# Crazy things we do for goats



## Huckleberry (Mar 12, 2010)

Ok, so I'm not sure I should admit this....but here goes. I've slept with my window open every night since the boys were able to come and go from their house at night at free will, so I can hear them and make sure all is well  Mostly I just hear them coughing and choking on the hay or alfalfa they're hoarding. They are so funny and head straight in at dusk and don't come out until it's fully light. Well, it's getting hard to do now that the temp has started dropping at night. I told my husband he'll need to get a extra quilt or start sleeping in his 20 degree mummy bag :lol:

So, I'm wondering what crazy things you all have done for your goats?


----------



## Huckleberry (Mar 12, 2010)

*Re: Cray things we do for goats*

Actually, I think I mostly do this for me


----------



## Cazz (Jun 9, 2010)

I sleep out in the kidding pen when the does are due to kid. Has anyone tried to sleep on a very narrow stretcher bed with a goat on it? When the goat also happens to be full-grown? And when the goat also happens to be three days overdue to kid? :shock: Thankfully there has only been the one doe so far who has learned to sleep on the bed, and thankfully she kidded the next night (11:45pm) because the night before, with her on my bed, (covering all except the pillow and less than one foot of space) I got very nearly frozen and extremely cramped from trying to huddle under less than a foot of blanket. :| 
All the other times the doe(s) haven't found out that it is nice to sleep on my bed with me, and from then on I have made extra sure to leave no bedding on it so that they can't get on comfortably. 
Cazz


----------



## Bob Jones (Aug 21, 2009)

I don't do crazy things for goats...

The first couple nights we had Larry, Moe and Curley I slept in the pen with them to help with bonding.

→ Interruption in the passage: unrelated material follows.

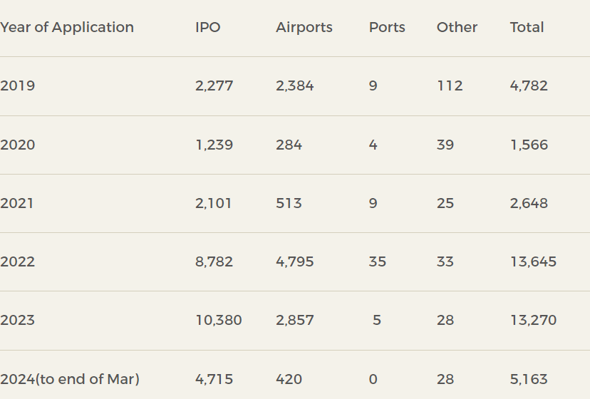 The total number of applications in 2022 and 2023 is much higher than in preceding years (2024 is on a similar track) but the percentage of initial applications that take place at the IPO for those years (65.2% and 78.2%) are within a similar range to the preceding five years.
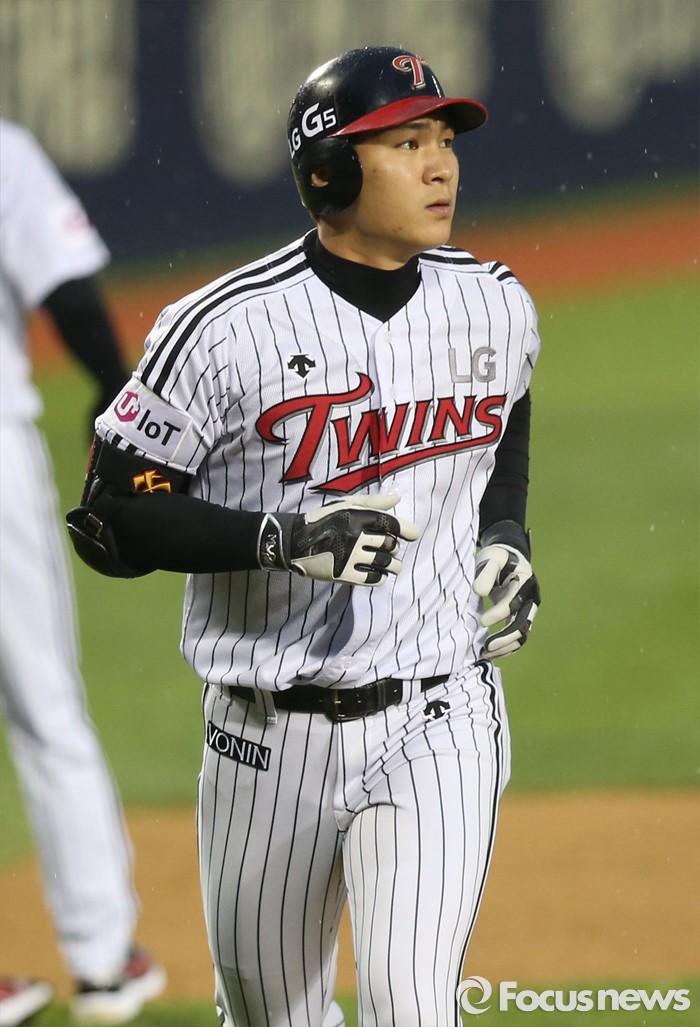 | △ 타구가 떨어진 지점을 바라보며 홈인하는 오지환 |

I took Pig to work with me the first couple weeks for the same reason.

He went canoeing with Hannah and I.

But that wasn't for the goats. It was for me.


----------



## idahonancy (Dec 13, 2008)

When my boys were little it was a snowy cold winter. I took a book to the barn to read to them. My head was turned and one of them ate the page I was reading. So now we have sing alongs in the winter. Just a few songs before bed. I would really like to learn to play the harmonica for them. 
IdahoNancy Oberpacker


----------



## Bob Jones (Aug 21, 2009)

I ordered a scythe so I could make hay out of my leftover spring weeds. When I opened the package, Mikey ate the paperwork out of my hand. Fortunately, scythes are not very difficult to assemble.


----------



## bentmettle (Jul 29, 2009)

Crazy?

ALL of it *laugh*

The fence, the packs, the walks, the vet visits, oooooh lord, WHAT HAVE I DONE?!?


----------



## Huckleberry (Mar 12, 2010)

Oh, but they're so worth it! I've never been a animal person, but was excited to get into goat packing because of all the outdoor activities we do and the fact that goats would make it easier. We decided to start out with kids so we could bond, but had no idea what all was involved despite all the research we did. Now, I could care less about anything other than my boys anymore, I can't believe the amount of joy they have brought to our lives. That kinda sounds cheesy, but I'm honestly head over heels for them (yeah, they got me right where they want me :shock: ). My husband sometimes ask "Would it be ok if I ran out and grabbed ober baby? I just wanna bring him in and snuggle for awhile!"


----------